"You see the cardinal at the feeder, and now you're going to know that the red colour in the feathers have carotenoids in them and that's signalling the male's health," says Bridget Stutchbury, an internationally renowned ornithologist, of the kind of knowledge she hopes readers gain from her new book, The Bird Detective.
The male cardinal's crimson signal is intended for possible female mates and prospective male competitors. In a way they're for humans, too, because we factor into the complex lives of birds. Perhaps it's time we paid closer attention. In The Bird Detective, the York University professor focuses on a different aspect of bird social and sexual behaviour. Stutchbury wrote the book to illustrate the complexity of birds' interior lives and how they're expressed externally through plumage, song and activity. She hopes this knowledge will motivate readers to step up conservation efforts by reducing energy consumption and supporting sustainable food production, which also benefits birds.
In 2007's The Silence of the Songbirds, Stutchbury documents her own and others' research showing the steep decline in North American songbird populations---some 50 percent of species in the last 40 years due to varied causes: pesticide usage; habitat destruction; climate change, to name a few.
Back to the cardinal. The Museum of Natural History's Birds of Nova Scotia site describes it as a "rare resident" here, sighted regularly in southwestern counties and in the Halifax area, and occasionally elsewhere.
"In places like Ottawa and Toronto [cardinals] used to be far less common," says Stutchbury. "It is partly climate change and partly the culture of birdfeeding that's moved them north and east."
Stutchbury's specialization in migratory songbirds has taken her north and south (field research in Panama features prominently in The Bird Detective). She hasn't visited the Maritimes in a long time and says her visit will be a learning experience. The Ecology Action Centre's Bird Issues Group is partnering with the Nova Scotia Bird Society and other organizations to host the author.
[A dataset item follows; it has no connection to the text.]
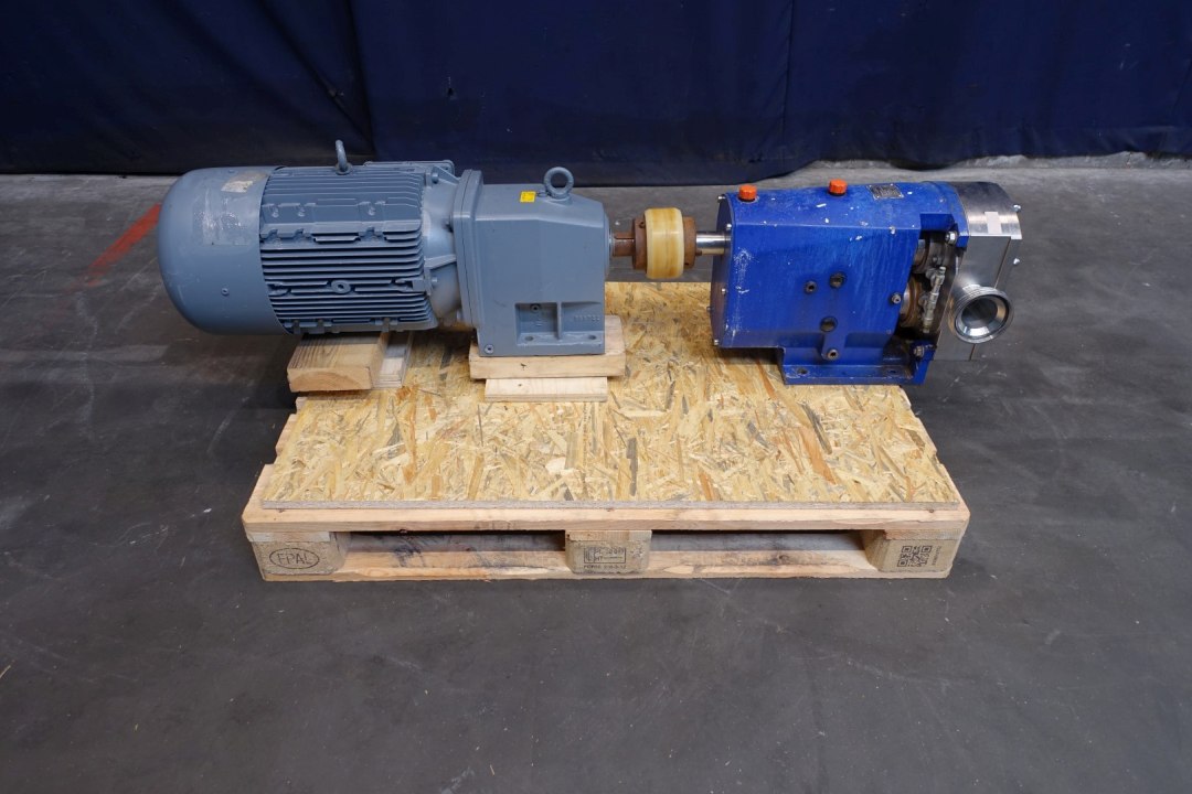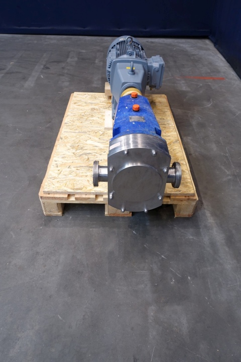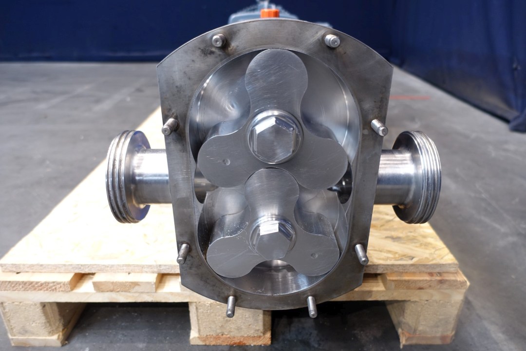 Lobbe pump with tri stainless steel lobbes. Diameter lobbes: 160 mm. Displacement per revolution: 1,16 ltr. Nominal capacity 10 m3/h. Current drive work: motor: 15,0 kW - 27,9 A - n1: 1.465 rpm, i= 10,2 - n2: 144 rpm. Design pressure up to 20 bar. Connections: (in) 2,5" / (out) 2,5" DIN. Dimensions: 150x38x40 (lxwxh) cm - weight: 358 kg's.

"I'm a birder from way back," says Mark Butler, EAC's policy director. For years, Butler has visited Brier Island with friends and fellow birders to watch warblers, flycatchers and tanagers arrive. "It was just like waves coming through," he recalls.
Cardinal sightings have occurred on Brier Island, according to the Natural History website. Butler doesn't mention seeing them, but agrees, "There's a story of a bird that's increasing its distribution."
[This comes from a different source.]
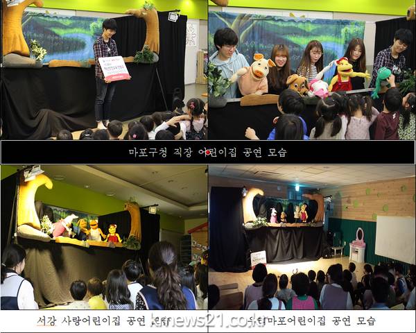 또, 5월 15일(월) 오전에는 창전동에 위치한 ‘서강어린이집’에서 원아 약 30여 명이 자리를 채운 가운데 같은 공연이 실시되었으며, 5월 17일(수) 오전 마포구청 내에 소재한 ‘마포구청 직장어린이집’에서 공연이 진행했다.

One begins to see an ominous shade to the cardinal's presence here, and other shifts in populations. Butler mentions the decline in the black-throated blue warbler and chimney swift populations, the decrease in barn swallows reported by the province's farmers and the absence of nighthawks---and their yip-yip call---overhead in Halifax.
People often misunderstand birdsong, says Stutchbury. At public appearances, some attendees admitted they thought birds sing because they're happy. In The Bird Detective, Stutchbury shows there's more going on. "If you live in a busy city area and you hear song sparrows singing you'll start to wonder, 'Gee, I wonder if they're using a higher pitch because of all the traffic noise,'" she says. "We can hear the same frequencies that the birds can but they can hear a level of detail we can't hear."